Василиса горестно подперла рукой щеку:

– Я терпела, сколько могла, видит Бог! Жалко было работу терять. У нас в Суздале не больно устроишься. Но потом решила, что не заслуживаю таких оскорблений и поборов. Он ведь что вздумал: штрафы с меня брать! Обед плохой – часть зарплаты долой! Соринка где-нибудь валяется – еще штраф. Раньше-то ему и обеды нравились, и к уборке не было претензий. Как подменили человека! Вот я и ушла…

– Бояринов вас не уговаривал остаться? – спросил Матвей. – Не извинялся?

– Какое там? – махнула рукой Василиса. – Он даже обрадовался. И про штрафы забыл. Дал мне всю зарплату, хотя месяц еще не закончился, и выпроводил. Доброго слова напоследок от него не услышала…

– А как Бояриновы жили между собой, дружно?

– С женой-то? Я за ними не подглядывала. Но так, напоказ, у них всегда были теплые отношения. Можно сказать, полюбовные. Николай Порфирьевич ни в чем жене не отказывал… кроме свободы. Я поняла, что она и сама не особо стремилась вырваться за стены дома. Привыкла жить на всем готовом, никуда нос не высовывать… словно кошечка у ласкового хозяина. Спит себе на перинке и в ус не дует. Зачем ей на улицу-то? Там холодно, голодно, собаки загрызть могут…

– Человек – не кошка.

– Иногда женщины сами идут на неволю… – рассудила Василиса. – Муж о них заботится, а они тем и счастливы. Вот стала хозяйка в церковь ходить да под машину и угодила. Как тут не поверить, что Бояринов правильно делал, запирая ее дома? Ой, как вспомню ту беду, до сих пор сердце щемит! Хозяин и бушевал, и плакал, и грозился шофера-убивца на куски порвать. Едва весь дом не разнес! Мы с Маняшей за него испугались прямо, хотели «Скорую» вызывать, да он ни в какую… Чуть ли не с кулаками на нас набросился! Ну, тогда понятно, мы на него не обиделись, не в себе человек был от горя…
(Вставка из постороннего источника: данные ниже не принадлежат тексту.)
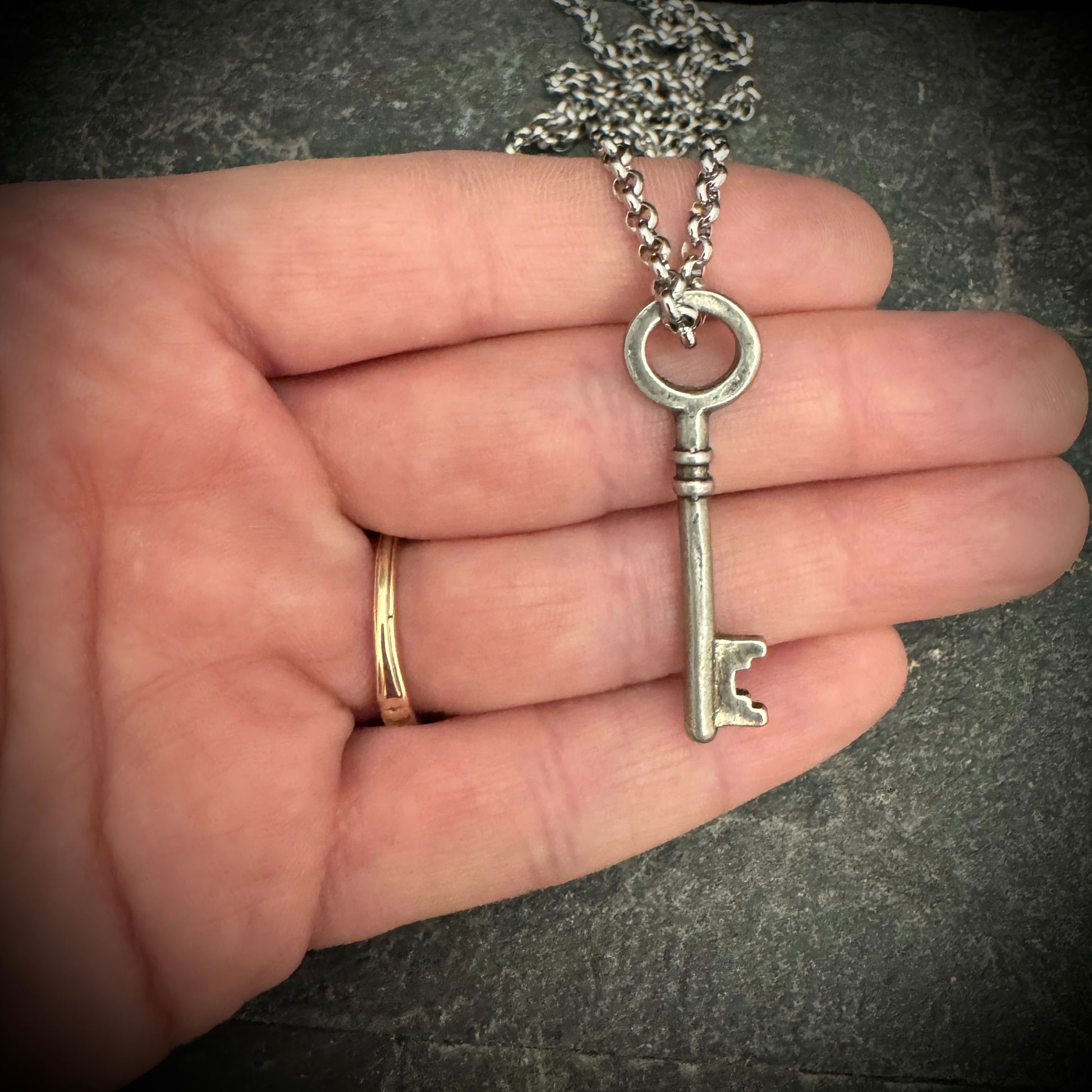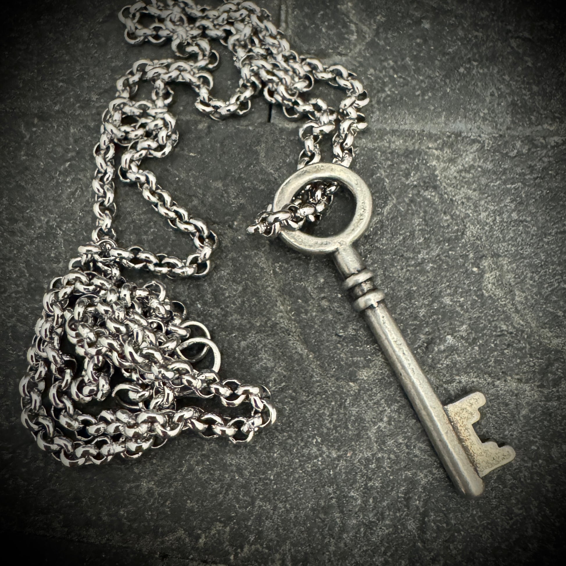 Unlock the charm of times gone-by with this rustic key necklace, a piece steeped in mystery and vintage appeal. The key, with its aged patina and classic design, serves as a metaphor for unlocking life's secrets and adventures, or someone who owns the key to your heart. Elegantly hanging from a matching chain, this necklace is an invitation to wearers to embrace their journey and discover the doors waiting to be opened.

Она замолчала, заново переживая то страшное событие: внезапную трагическую гибель жены Бояринова. Со двора донеслось пронзительное тявканье рыжей собачки. Василиса встала, выглянула в окно.

– Чего тебе, Петька? – крикнула она. – За огурцами явился? Погоди чуток, гости у меня. Это сосед мой, Петрушка, – обернулась Василиса к приезжим. – Он огурцами на рынке торгует, забирает у меня оптом.

Она бросила взгляд на железные ходики, прикрепленные к стене. Это был намек, что гостям пора и честь знать.

– Мы вас задерживаем?

– Да нет… – застеснялась женщина. – Но Петька всегда торопится. Вечно у него времени нету. А мне еще нужно огурчики дособирать, чтобы полная корзина была.

– Пара вопросов, и мы уходим, – обнадежила ее Астра. – Что вы можете сказать о Маняше? Кто она Бояриновым?

– Бедная сиротка, они ее приютили из жалости, вырастили, ну, привязались, конечно, полюбили, как свою. Покойная хозяйка души в ней не чаяла. Но Маняша, конечно, понимала свое место. От скуки взялась помогать хозяину в работе – бумаги разные печатала сперва на машинке, потом на этом… на компьютере… подсчеты разные вела…

– Бесплатно?

– О деньгах речь не шла. Зачем Маняше деньги? Бояриновы ее всем обеспечивали, кормили, поили, одевали, выучили на бухгалтера. Она заочно институт окончила, диплом имеет. Хозяин самолично ее на экзамены возил, в своей машине.

– Выходит, у Бояриновых не было своих детей?

– Не было, – подтвердила Василиса. – Когда только поженились, родился у них ребеночек, но сразу умер. Хозяйка заболела от горя, умом тронулась, чудом вылечили. Николай Порфирьевич запретил о ребеночке говорить и на кладбище жену не пускал.

– Кто же за могилкой ухаживал?

– Сначала не знаю, кто, я тогда у них еще не работала. А теперь кладбищенский смотритель, вернее, его жена. Хозяин им платил за это. То я им деньги носила, то он сам возил.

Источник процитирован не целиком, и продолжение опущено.